All this take place in various (and, presumably) fictional locations in the Alps. I especially liked how the fountain of healing water in the town of Bad Gaswasser is delivered by a serious of modern pipes originating at four industrial supply tanks, each of which adds its own particular foulness to the mix.
Roughly half the movie takes places at an inn in another town, where an elderly proprietor played by Sig Ruman accidentally glimpses many weird and seemingly incriminating situations which are never what they appear to be. Ruman is one of the masters of the reaction shot, and he does so brilliantly when witnessing such spectacles as Devine and one of the bellboys in bed together, with a string tied from the big toe of one man to that of the other. But then, things started out weird when Hope and Raye arrived for their honeymoon with Devine in tow. He’s even introduced as her fiancée while all three are checking in together.

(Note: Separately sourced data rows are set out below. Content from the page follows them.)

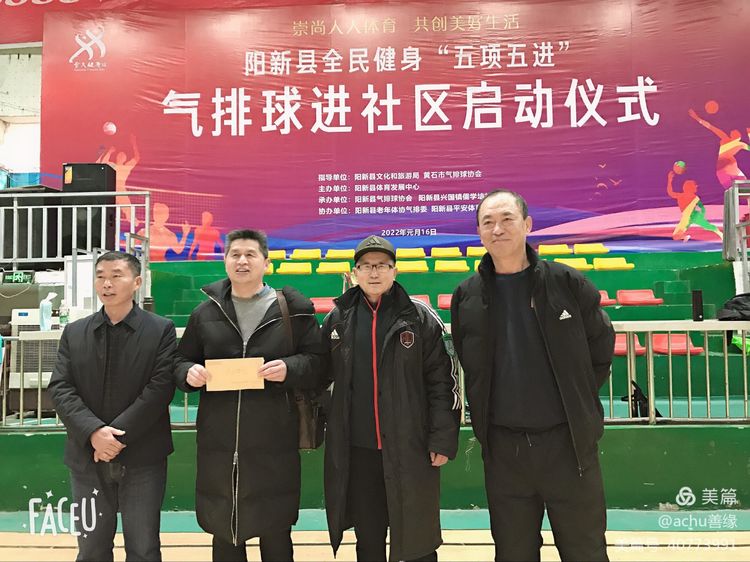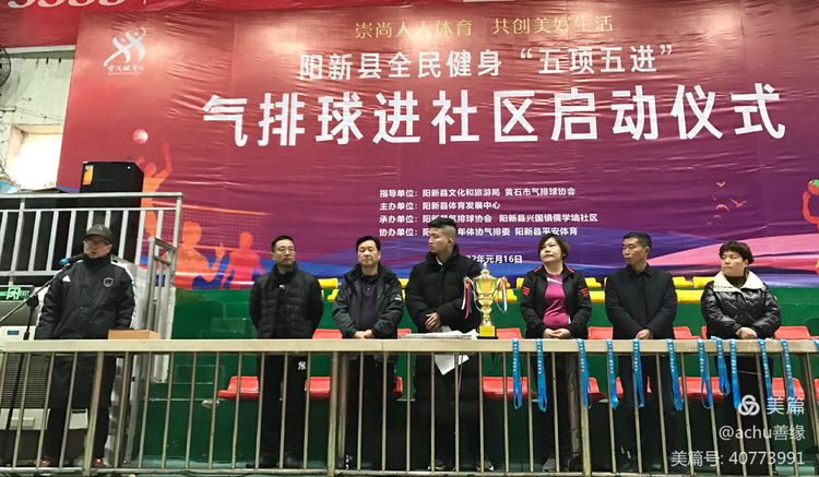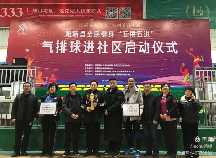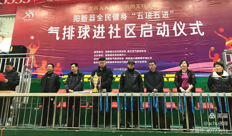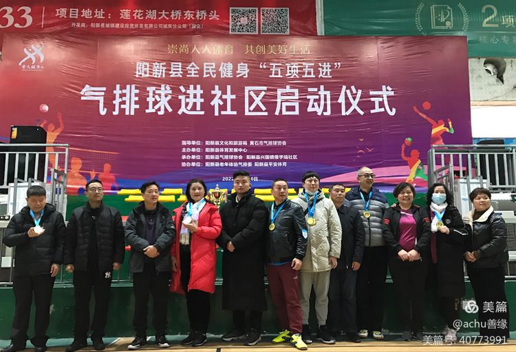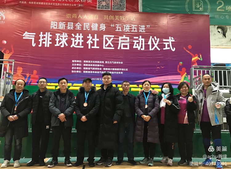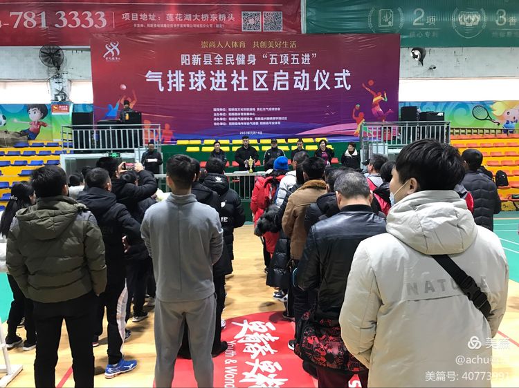 习主席说:“体育强则中国强”。2022年1月16号由黄石市体育发展中心、黄石气排球协会、阳新文旅局、阳新老年体育协会、阳新气排球协会共同组织的“气排球进社区启动仪式”和“黄石市第十一届运动会群众体育类气排球颁奖仪式”在阳新县体育馆正式启动。市体育发展中心领导韩流、阳新县文旅局局长胡文省、市气排球协会会长张建忠、县气排球协会会长王红智等领导及市县各俱乐部负责人参加。活动中既进行了教学辅导也进行了交流比赛。阳新县气排球进社区、进乡镇活动己全面开展。多支队伍积极参赛,体育馆外寒风呼呼,馆内参赛队员挥汗如雨,气氛活跃热烈,充分展现了我市中青年气排球队员的拼搏风采。
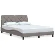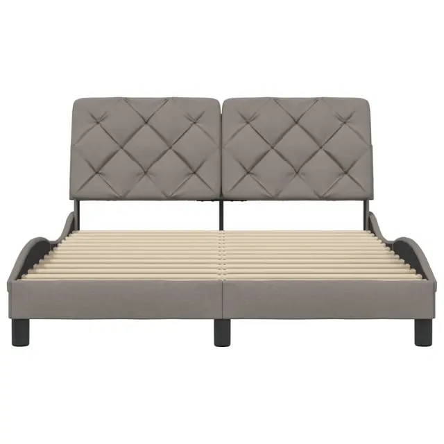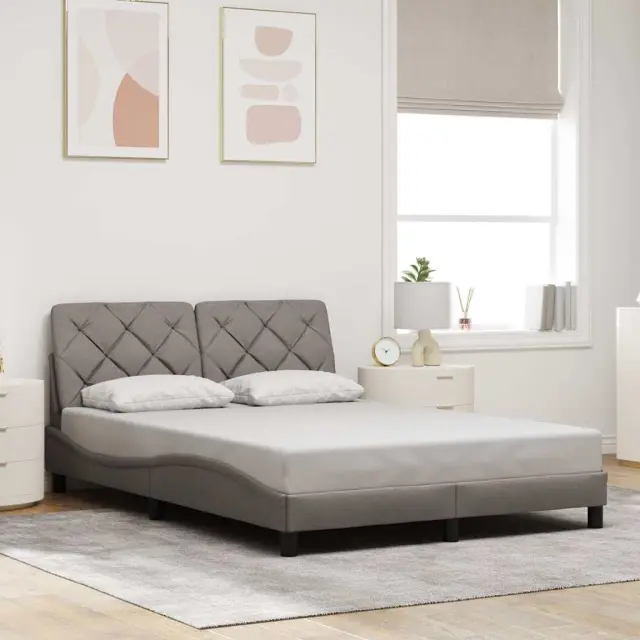 Zagotovite si boljši spanec s tem posteljnim okvirjem! Je prijeten dodatek za vsako spalnico. Mehak in trpežen material: Tkanina iz poliestra ponuja kombinacijo mehkobe, zračnosti in trpežnosti ter vam zagotavlja popolno udobje in prijetnost.Letvice za optimalno podporo: Ta posteljni okvir je opremljen z letvicami, ki zagotavljajo osnovno podporo in zračnost vašega ležišča.Vsestransko vzglavje: Ta posteljni okvir je opremljen z vzglavjem, ki zagotavlja odlično oporo hrbtu, ko sedite v postelji in berete ali gledate televizijo, hkrati pa služi tudi kot dekorativni element.Priročna zasnova: Vzglavna stranica ima zadrgo za preprosto namestitev, pripenjala na zadnji strani pa se lahko uporabijo za pritrditev LED lučk.Valovita stranica: Valoviti videz posteljnega okvirja je eleganten in prefinjen. Dekorju v vašem domu dodaja sodoben in eleganten pridih ter tako postane osrednja točka spalnice. Dobro je vedeti:Vzmetnica ni priložena tej postelji. Ponujamo različno izbiro ležišč. V naši trgovini si lahko ogledate ustrezne vzmetnice.Posteljni okvir:Barva: TaupeMaterial: Tkanina (100 % poliester), kovina, vezan les, inženirski lesCelotne dimenzije: 218 x 125 x 74,5 cm (D x Š x V)Velikost primerne vzmetnice: 120 x 200 cm (Š x D) (vzmetnica ni priložena)Oblazinjeno vzglavje:Barva: TaupeMaterial: Blago (100 % poliester)Material polnila: PP vlaknaDimenzije: 122 x 6 x 48 cm (D x Š x V)Paket vsebuje:1 x Posteljni okvir1 x Oblazinjeno vzglavje
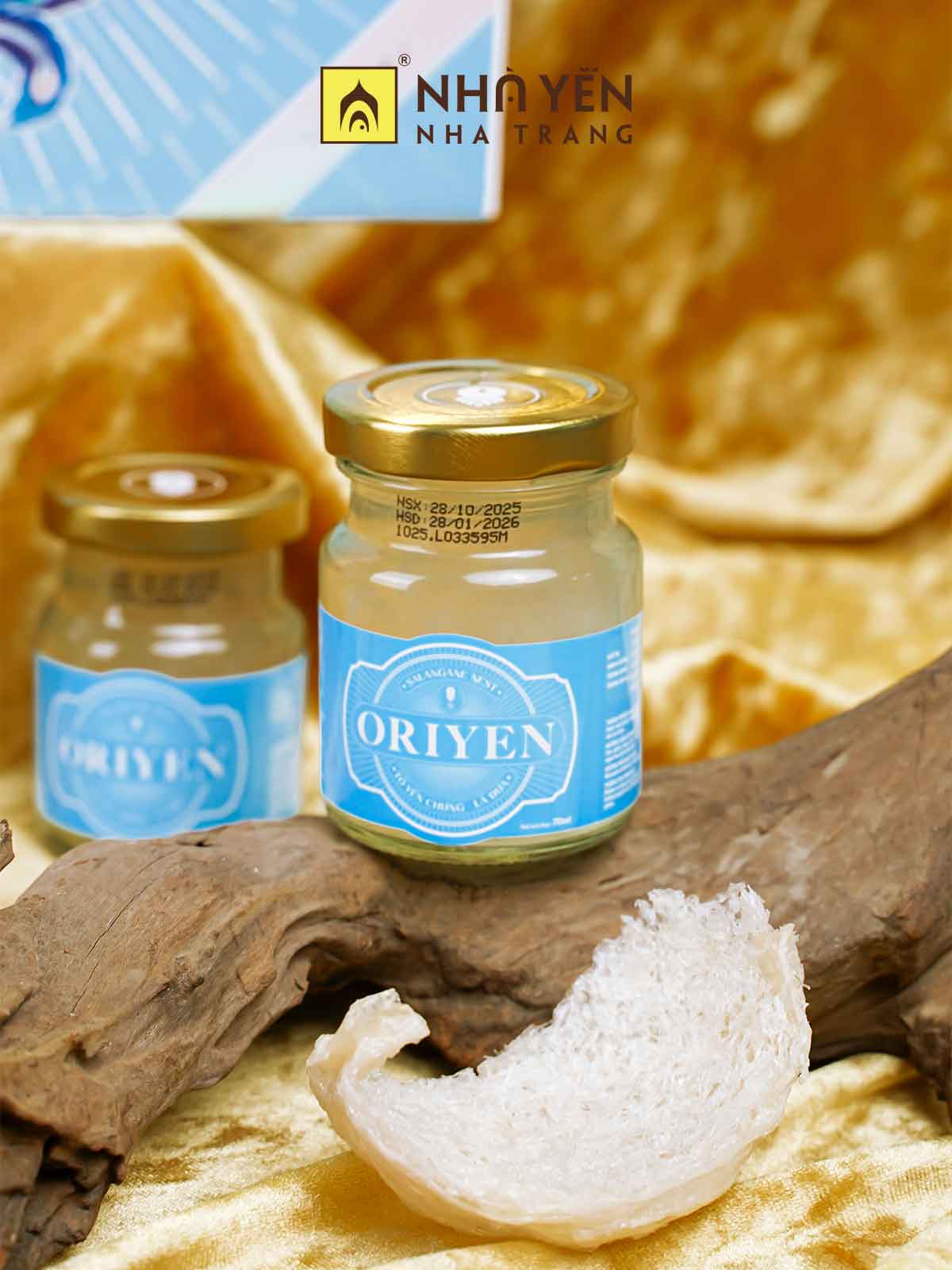 Tổ Yến Chưng Lá Dứa ORIYEN được làm từ các thành phần: Nước tinh khiết, Đường phèn, Tổ yến khô (2g), Hương lá dứa tự nhiên.
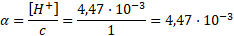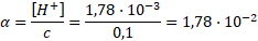 Stopień dysocjacji (doświadczalny):
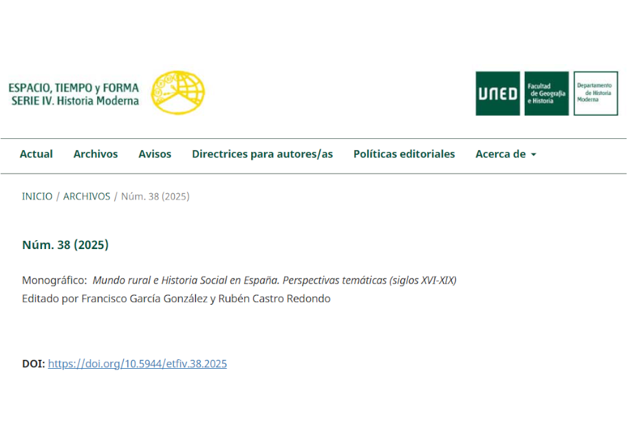 Publicado en la revista Espacio, Tiempo y Forma. Serie IV, Historia Moderna, el monográfico Mundo rural e Historia Social en España. Perspectivas temáticas (siglos XVI-XIX), coordinado por Francisco García González y Rubén Castro Redondo.

Never Say Die has much to offer fans of screwball comedies of this vintage. All the actors in top form. It is mildly risqué, though nothing that will raise an eyebrow for any modern viewers. That is surprising when considering the production code had gone into effect four years earlier. But, even in that regard, it is still a sweet-natured film. Consider Raye’s reaction when Hope tries to show Devine how to properly woo a gal: “When [Hope] does it, it’s like wildcats. When you do it, it’s like wild…mice.”